What does it mean when a cosigner/co-borrower signs a mortgage? If you have a cosigner or co-borrower helping you take out a mortgage, you don't have to worry about your credit score or cash reserves. The mortgage lender will look at the cosigner or co-borrower's credit score and savings in addition to yours.
What credit score is needed for a co-signer? As a co-signer, you stand in the primary applicant's place during the approval process. You'll need a minimum 580 median score for an FHA or VA loan.
Even if the person isn't living with you and is only helping you make the monthly payments, a cosigner's income will be considered by the bank. Of course, the key factor is to ensure that your cosigner has a good employment history, stable income, and good credit history.
Who Qualifies as a Cosigner? To be a cosigner, your friend or family member must meet certain requirements. Although there might not be a required credit score, a cosigner typically will need credit in the very good or exceptional range—670 or better.
The cosigner must have good enough credit to improve the loan qualifications. This is a common process for first-time homebuyers, who tend not to have the full, positive credit history of other buyers.
If you're applying for an FHA home loan, you aren't forced to apply and be responsible for the debt all by yourself--FHA rules allow a co-borrower or cosigner to apply alongside the borrower. Having a co-borrower or cosigner may improve the FHA loan applicant's chances of getting approved for the mortgage.
Sometimes lenders will deny a loan if the person has too much debt. Cosigning on student loans, a car loan, or a mortgage could add a significant amount of debt for the cosigner. If the cosigner thinks that they will need to apply for a large loan soon after cosigning, the cosigner could be denied.

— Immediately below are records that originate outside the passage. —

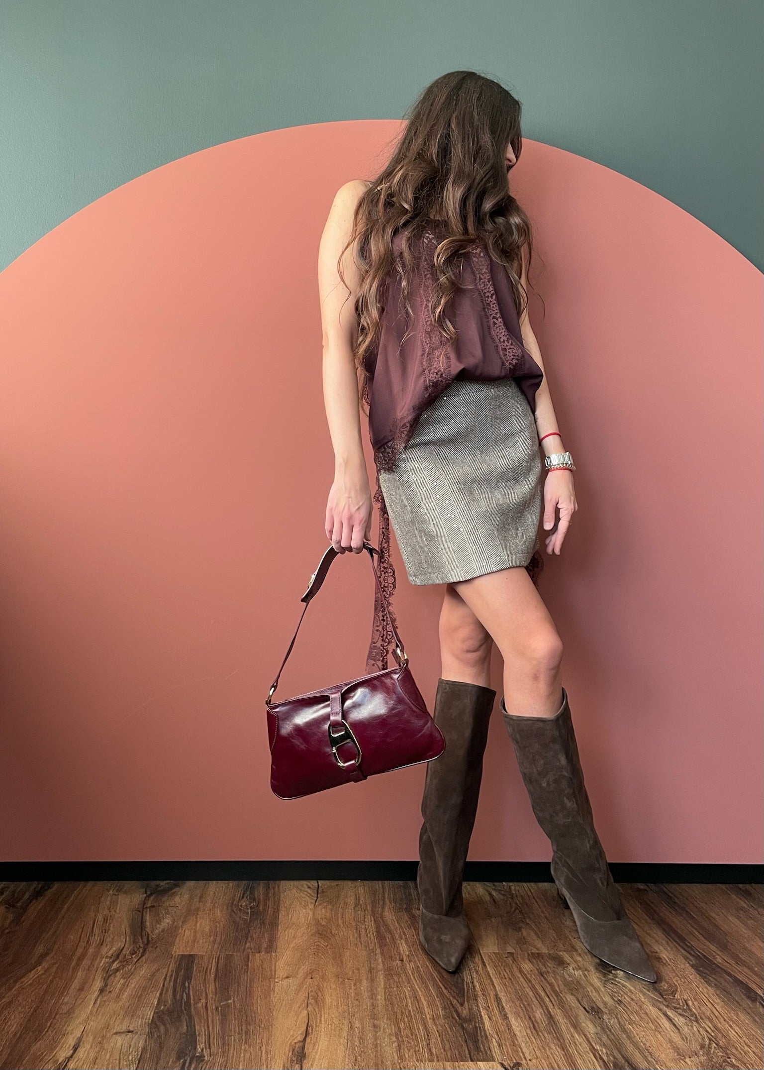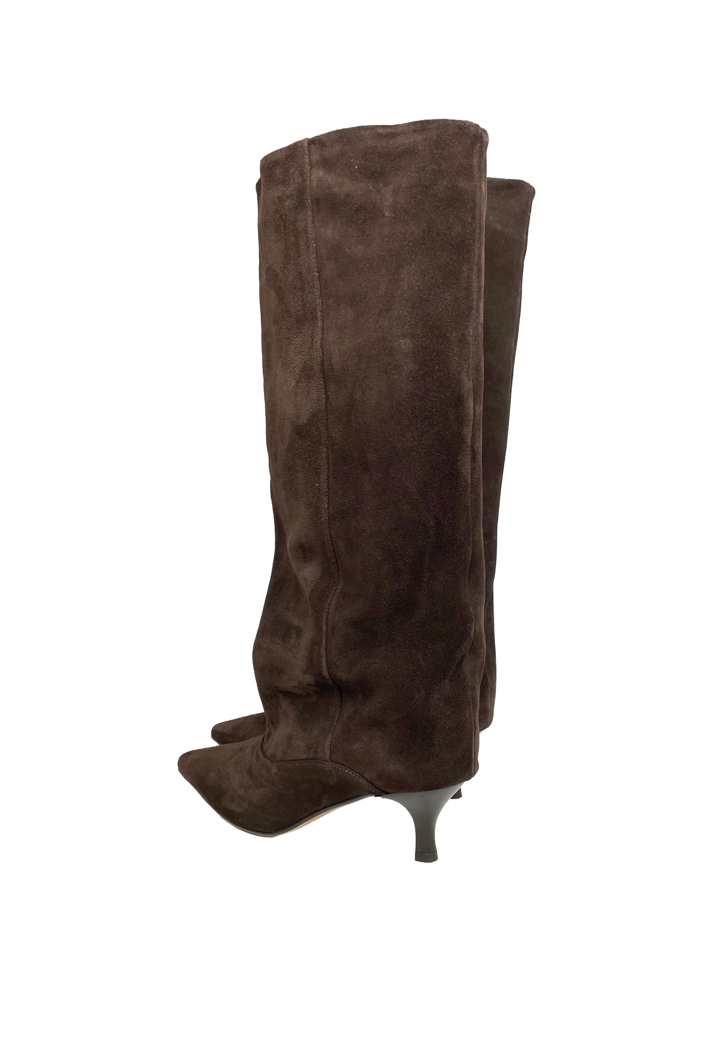 Stivale dal gambale slouchy in camoscio, tacco kitten 5 cm. Disponibile in testa di moro e in taupe. Calzata regolare.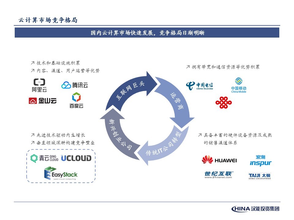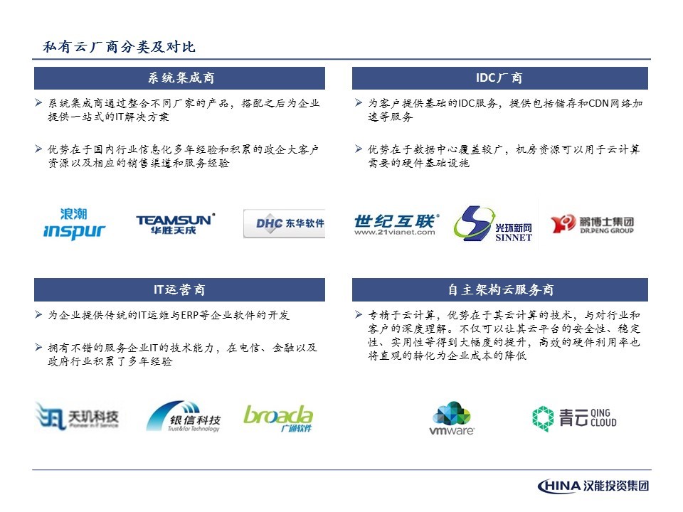 其中传统IT公司和电信运营商具备丰富的硬件设备资源、网络资源以及成熟的销售渠道体系,但在云计算核心技术方面的优势并不明显,此类公司通常会选择以私有云为切入。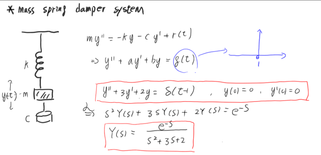 이를 위한 예제로는, 매우 간단하게 모델링이 된 mass spring damper system에 대해서 풀어주었고, input은 x축으로 1만큼 shift된 delta function으로 주었다. 우리는 위의 그림에서의 이계미분방정식의 해를 정확히 구해주지는 않았고, 다만 이를 라플라스 변환을 시켜주어서 s-domain에서 정리를 해주었다.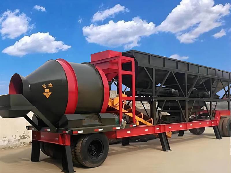 Мобильный барабанный бетоносмесительный завод YHZM25 оснащен барабанным бетоносмесителем JZM500, дозировочная машина оснащена дозатором PLD800, теоретическая производительность составляет 25 кубических метров в час.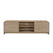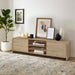 Introducing the Mara 70" TV Console, a fusion of eco-friendly construction and modern functionality. Crafted from durable manufactured wood and adorned with environmentally friendly laminate, this console boasts both durability and sustainability. With its spacious top surface, it accommodates large screen televisions with ease, while shelves offer ample space for entertainment components. Two roomy drawers discreetly store games, controllers, and other family room essentials. The minimalist design, featuring curved drawer fronts and waterfall-style tops and sides, adds a contemporary touch to any living space. Finished in a light, natural beige hue, it seamlessly complements a variety of décors. Assembly is a breeze, with easy-to-follow instructions for a hassle-free setup in approximately 45 minutes. Elevate your entertainment experience with the Mara 70" TV Console.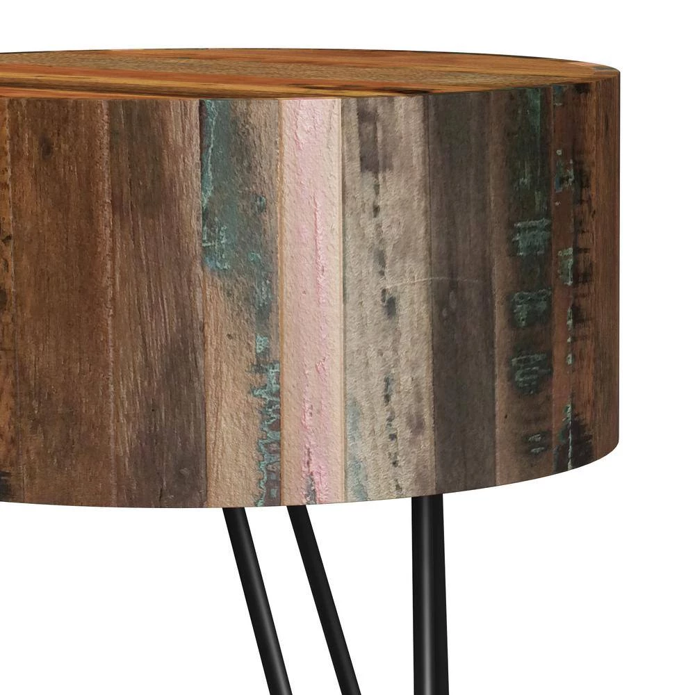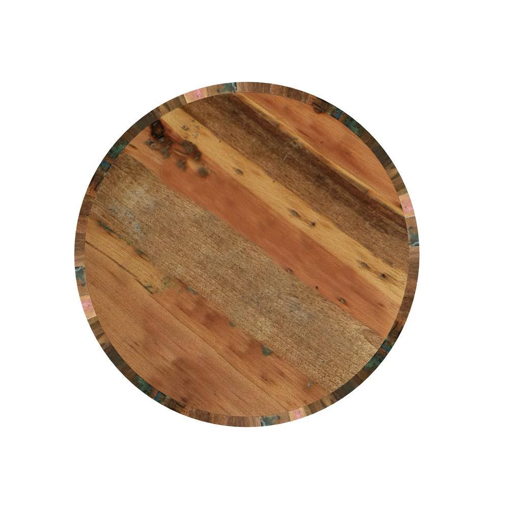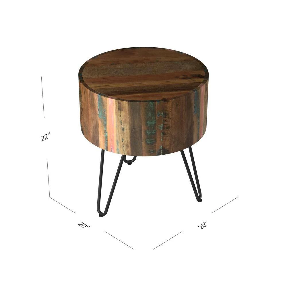 Crafted of old reclaimed wood that bears the occasional knot, nick or crack that speaks to its provenance, our round side table displays unique characteristics to ensure no 2-are exactly alike. The mango wood, which is prized for its fascinating texture and color variations, is hand finished in a natural with multi-color-wash to showcase its inherent beauty. Easy assembly, simply attach the legs. Imported, color may vary.

If you are a cosigner on someone else's account, it's very important that you check your credit reports (you can get them for free once per year from each of the three major credit reporting agencies through AnnualCreditReport.com).

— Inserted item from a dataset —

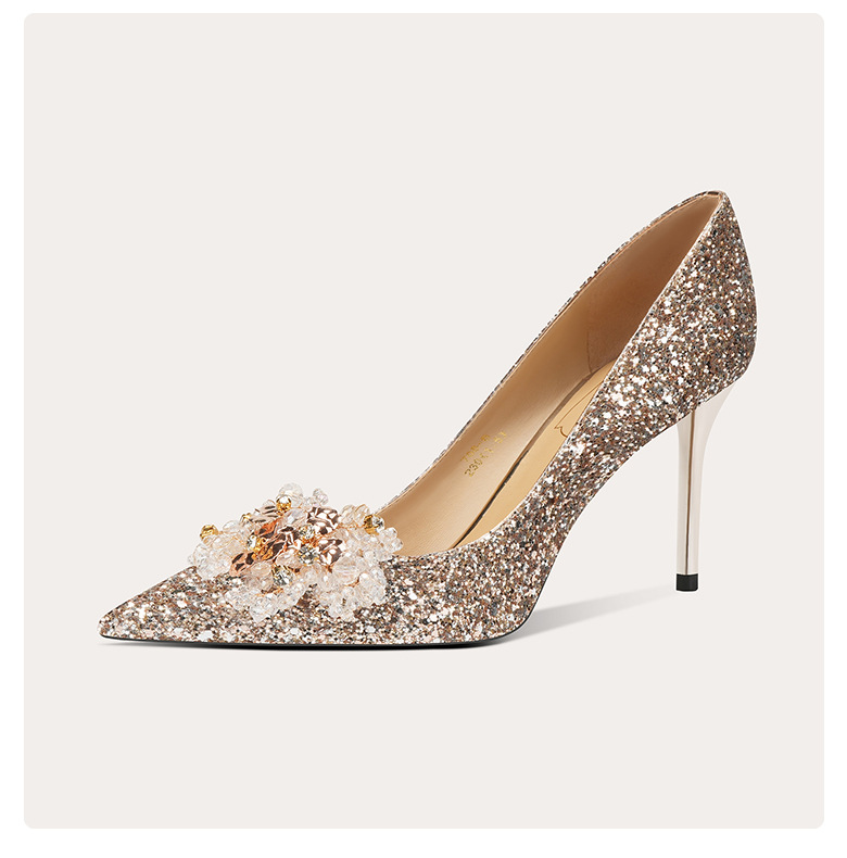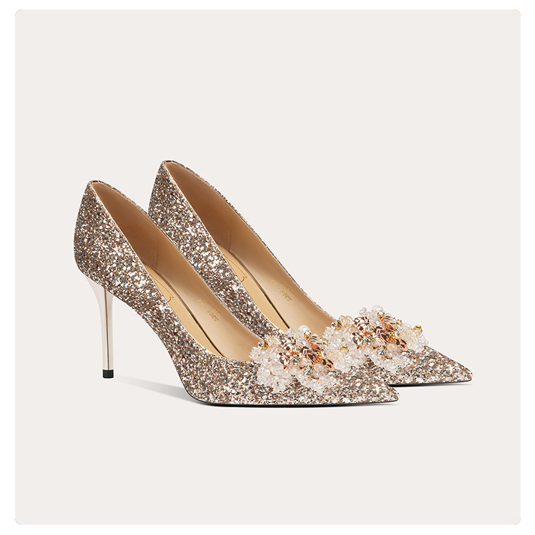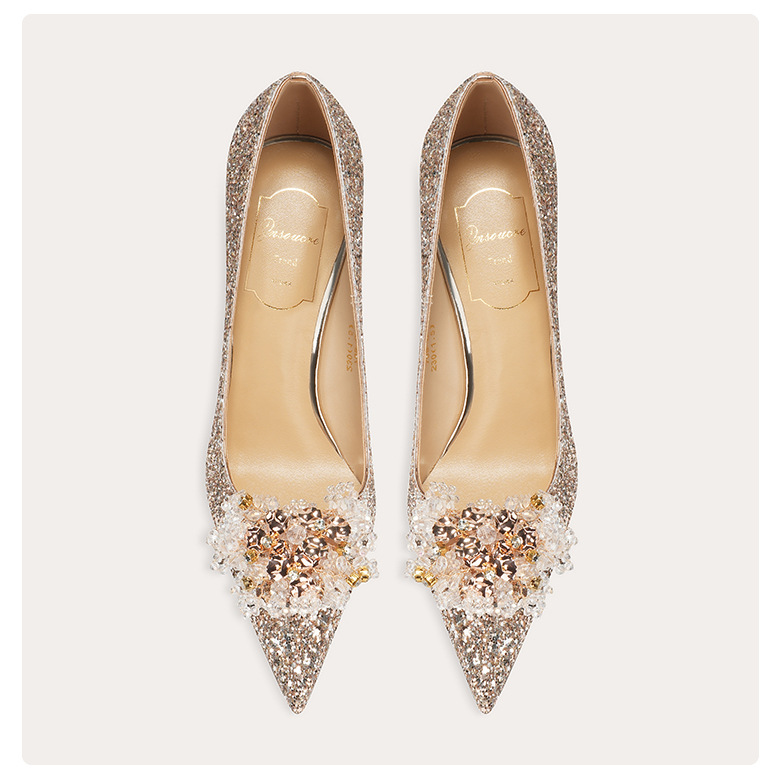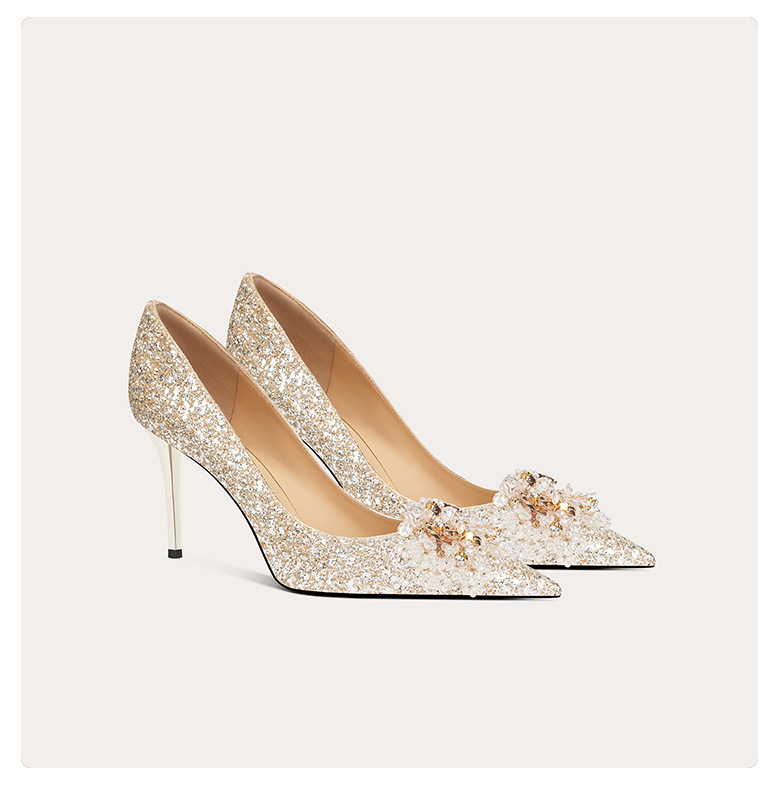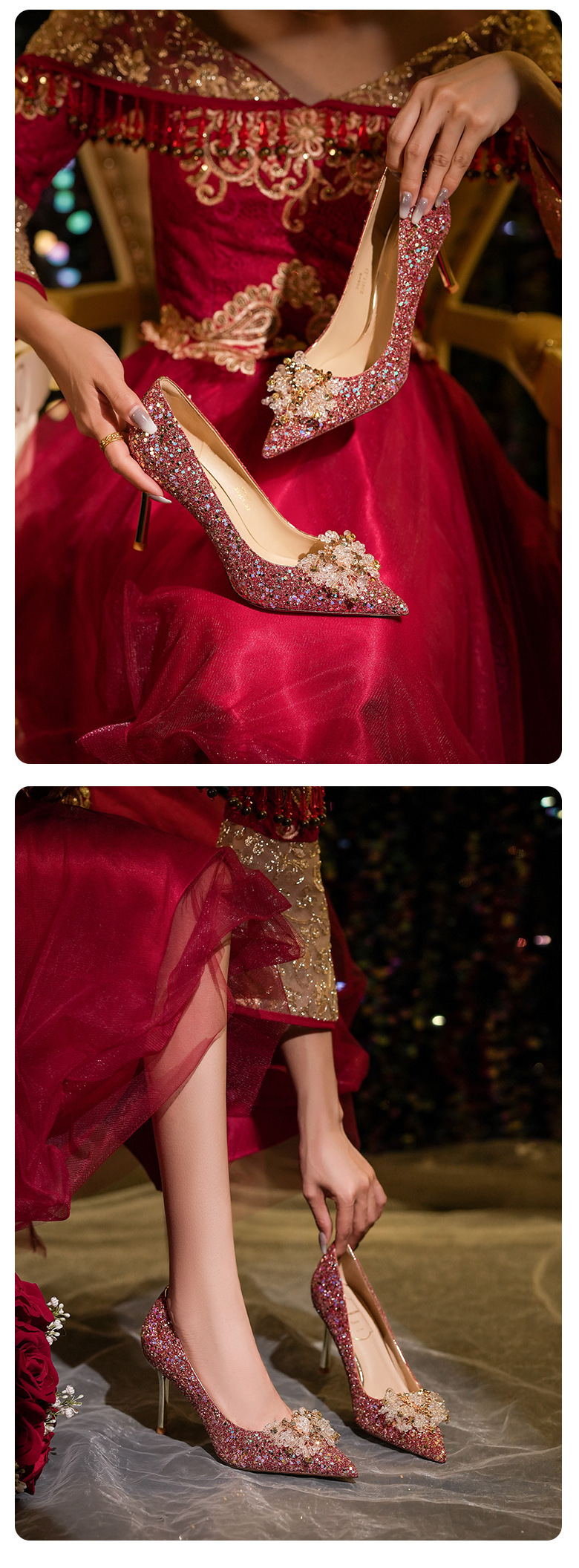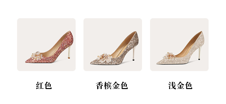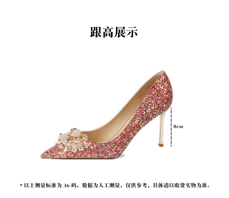 [양가죽] 반짝이 뾰족한 크리스탈 웨딩 슈즈 프렌치 스틸레토 힐 중국 신부 신발 레드 라인 석 하이힐 여성

The only people you may find to cosign a loan are those that you trust and are close with, often a family member. That cosigner must have good credit because their credit gets run to make sure that they are in good standing. Only if they are deemed acceptable can someone with bad credit get their loan.
The auto loan co-signer equally accepts the loan debt responsibility along with the primary borrower, the person who will own and drive the car. Three things every co-signer should know: The cosigner is responsible for paying back loan if the primary signer stops paying or is unable to pay.

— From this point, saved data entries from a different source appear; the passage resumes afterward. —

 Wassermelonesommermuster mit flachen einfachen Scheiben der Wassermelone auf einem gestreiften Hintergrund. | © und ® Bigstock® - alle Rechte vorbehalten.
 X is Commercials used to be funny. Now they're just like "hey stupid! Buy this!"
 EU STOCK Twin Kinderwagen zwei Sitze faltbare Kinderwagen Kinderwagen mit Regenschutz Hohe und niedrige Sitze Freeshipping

Having a cosigner with a strong credit score makes lenders less nervous about giving you a personal loan if your own credit isn't great. If you don't make your payments, they can request them from your cosigner. Still, getting a cosigner might not be easy, as cosigners take on significant risk.
A cosigner goes on the mortgage with the primary borrowers. If the borrowers don't fully qualify for the loan on their own (usually due to deficiencies in income, credit, down payment, or all three) the cosigner's better credit and financial situation make the mortgage application stronger.
To purchase a $300K house, you may need to make between $50,000 and $74,500 a year. This is a rule of thumb, and the specific salary will vary depending on your credit score, debt-to-income ratio, the type of home loan, loan term, and mortgage rate.
No down payment is required for VA, USDA and doctor loan programs detailed above. What credit score do I need to buy a house with no money down? No-down-payment lenders usually set 620 as the lowest credit score to buy a house.
Being a co-signer itself does not affect your credit score. Your score may, however, be negatively affected if the main account holder misses payments.
A cosigner with good credit improves the primary borrower's overall creditworthiness, meaning lenders are more likely to approve the loan or offer better rates.
If the conditions are met, the lender will remove the cosigner from the loan. The lender may require two years of on-time payments, for example. If that's the case, after the 24th consecutive month of payments, there'd be an opportunity to get the cosigner off the loan.
Unfortunately, the answer is no. That's because a mortgage underwriter will default to the lower of the two credit scores in a joint mortgage application. For example, let's assume we receive an application from a homebuyer who has a credit score of 550 which is too low to qualify for a conventional loan.
Typically, subprime lenders ask that cosigners have a minimum monthly income of $1,500 to $2,000 a month before taxes from one job. They also check to see that they have a qualifying debt to income (DTI) ratio of no more than 45% to 50% of their monthly income.
Reasons for an FHA Rejection
There are three popular reasons you have been denied for an FHA loan–bad credit, high debt-to-income ratio, and overall insufficient money to cover the down payment and closing costs.
The down payment
The fact that you're adding a cosigner to your loan does not make a down payment requirement go away. According to the most recent guidelines from the Federal National Mortgage Association (or “Fannie Mae”) – the loan-to-value ratio on the property being purchased cannot exceed 95%.
Minimum FHA loan credit score requirement
The minimum credit score to qualify for an FHA loan is 580 with a down payment of 3.5 percent. If you can bump up your down payment to at least 10 percent, you can have a credit score as low as 500 and still qualify.